TASK INSTRUCTIONS -
Beginning with the line that contains "毫无征兆,11月27日首控集", transcribe the rest of the listing below exactly, including its last line, and exclude any pictures.

EXERCISE INPUTS -

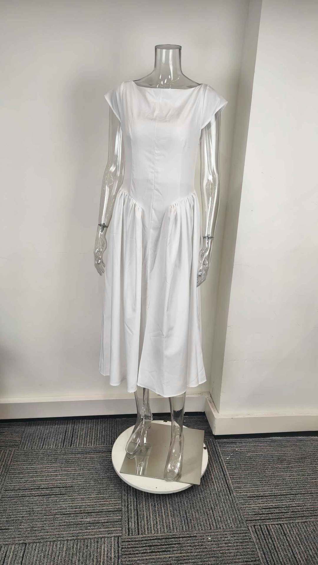 2026 봄 신상 유럽 및 미국 여성복 우아하고 섹시한 백리스 패션 슬림핏 라운드넥 민소매 단색 원피스
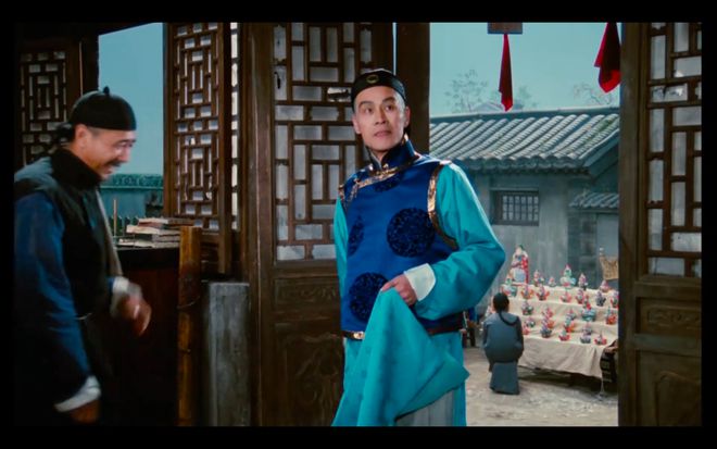 1982年电影版《茶馆》,蓝天野饰演的秦二爷出场
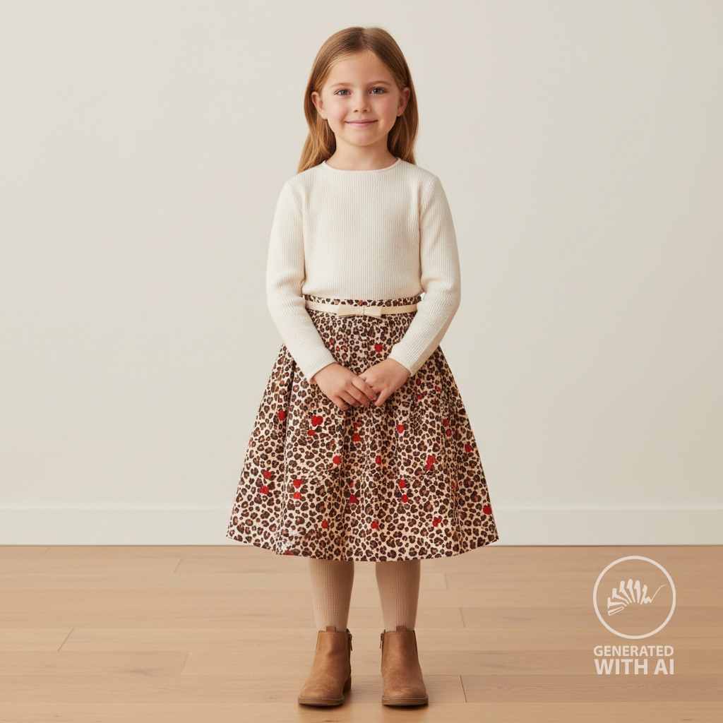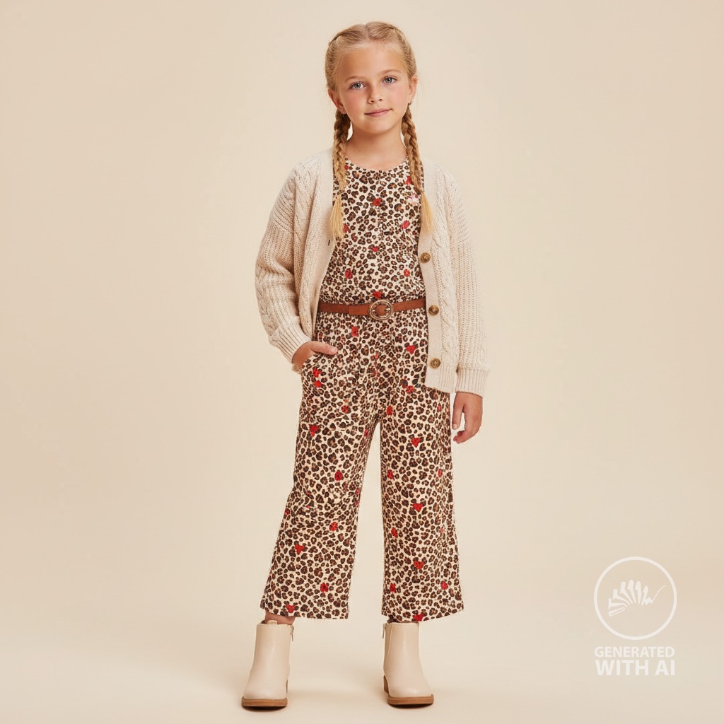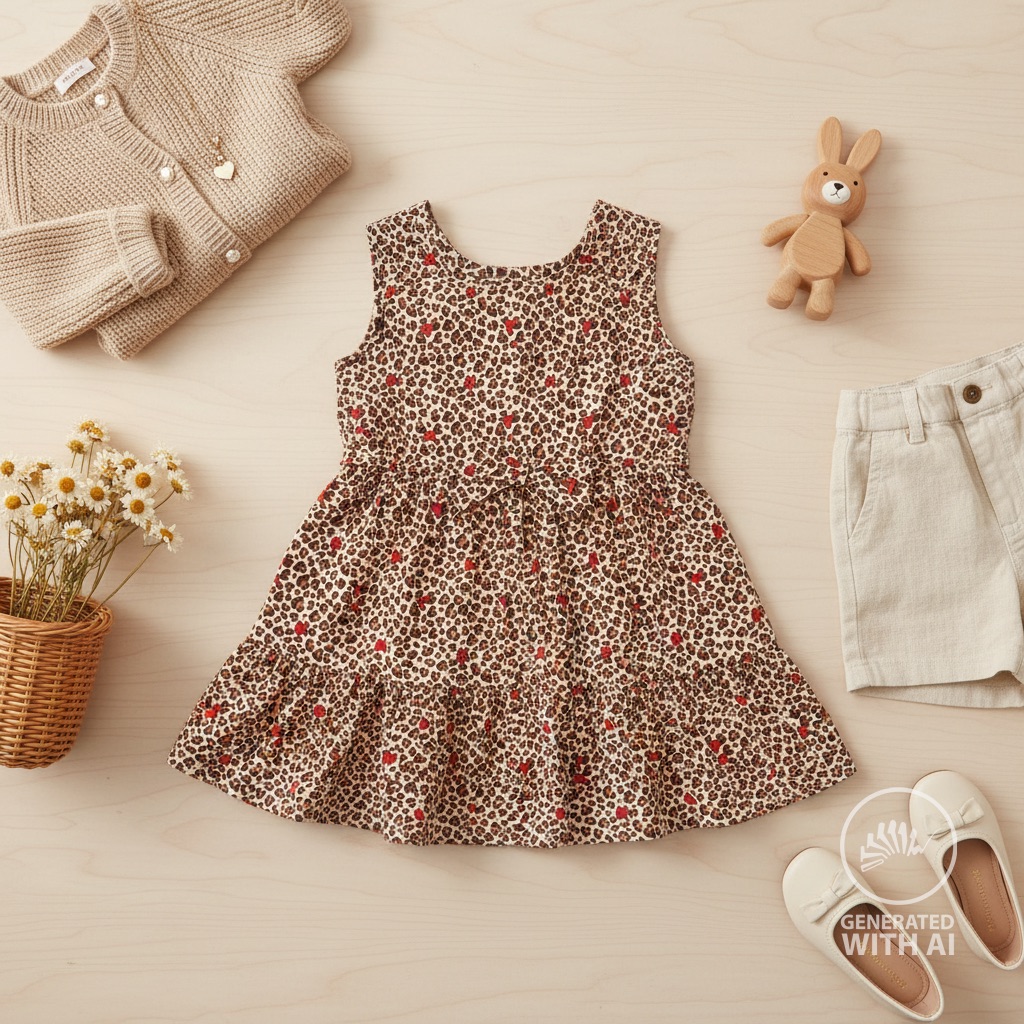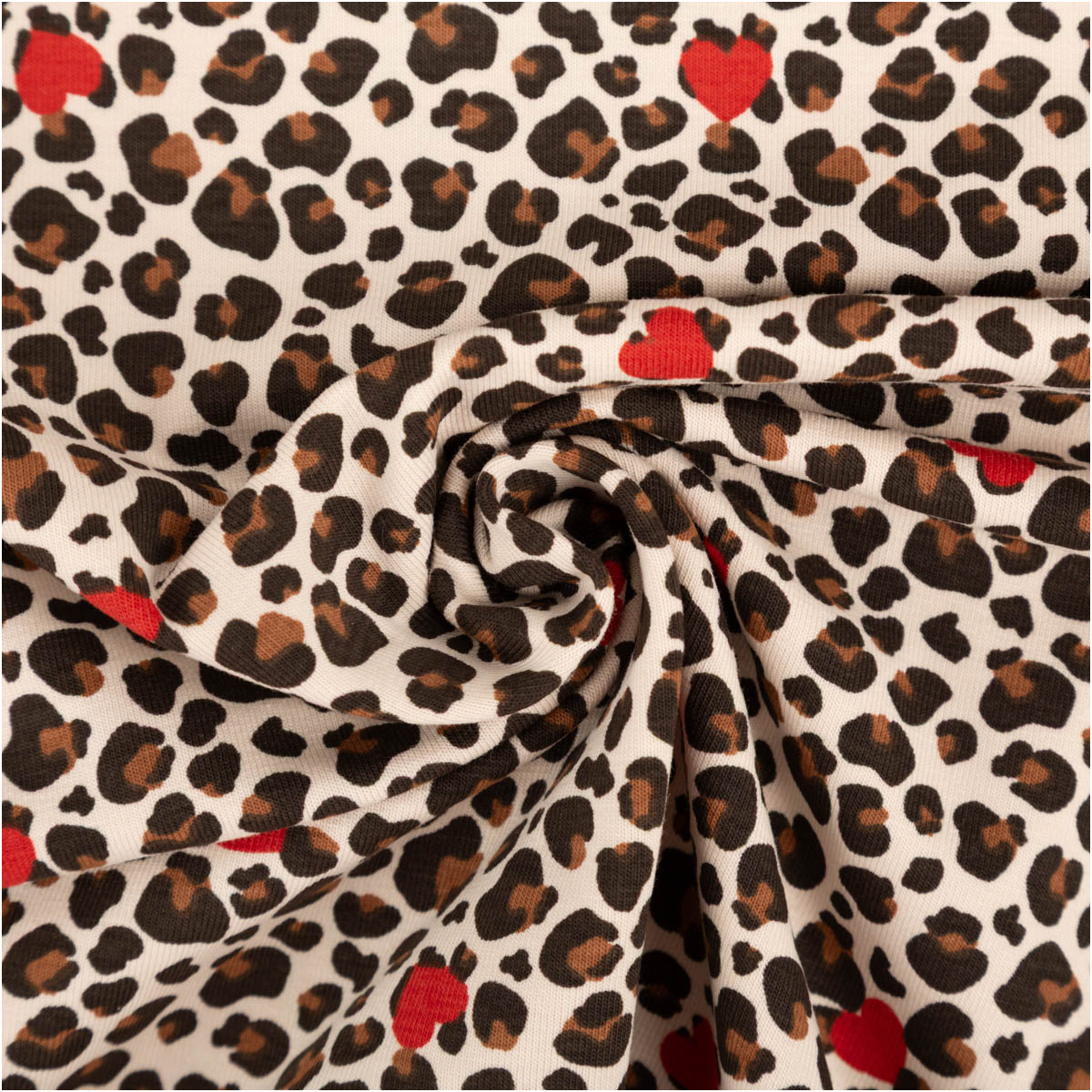 Design: Trendiger Leo-Print in warmem Braun mit roten Herzen – wild und trotzdem super süß.
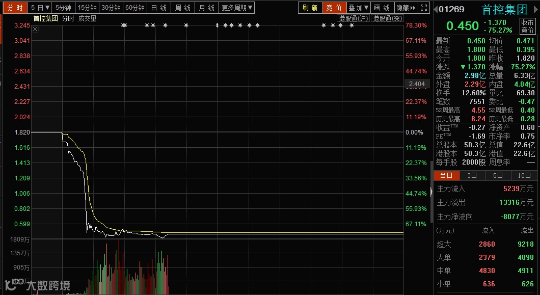 毫无征兆,11月27日首控集团(01269.HK)上午突然大跳水闪崩,大跌75.27%,收盘成仙股——0.45港元/股,市值仅剩下22.6亿港元,瞬间蒸发近70亿港元(约合62亿人民币),之后宣布短暂停牌。
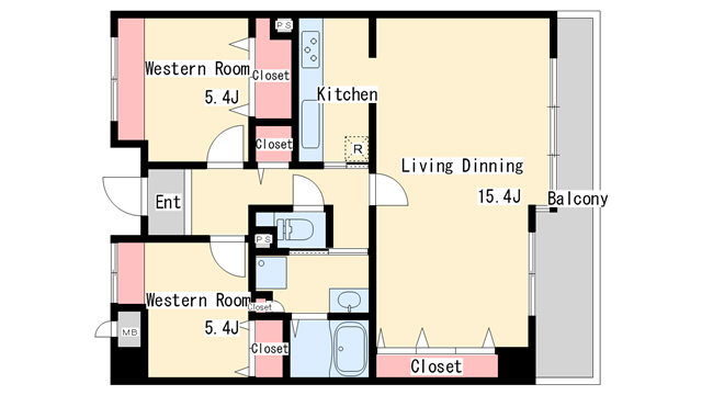 | 間取り | 2LDK | 間取り詳細 | 洋室5.4 洋室5.4 LDK15.4 |

EXERCISE RESPONSE -
 毫无征兆,11月27日首控集团(01269.HK)上午突然大跳水闪崩,大跌75.27%,收盘成仙股——0.45港元/股,市值仅剩下22.6亿港元,瞬间蒸发近70亿港元(约合62亿人民币),之后宣布短暂停牌。
 | 間取り | 2LDK | 間取り詳細 | 洋室5.4 洋室5.4 LDK15.4 |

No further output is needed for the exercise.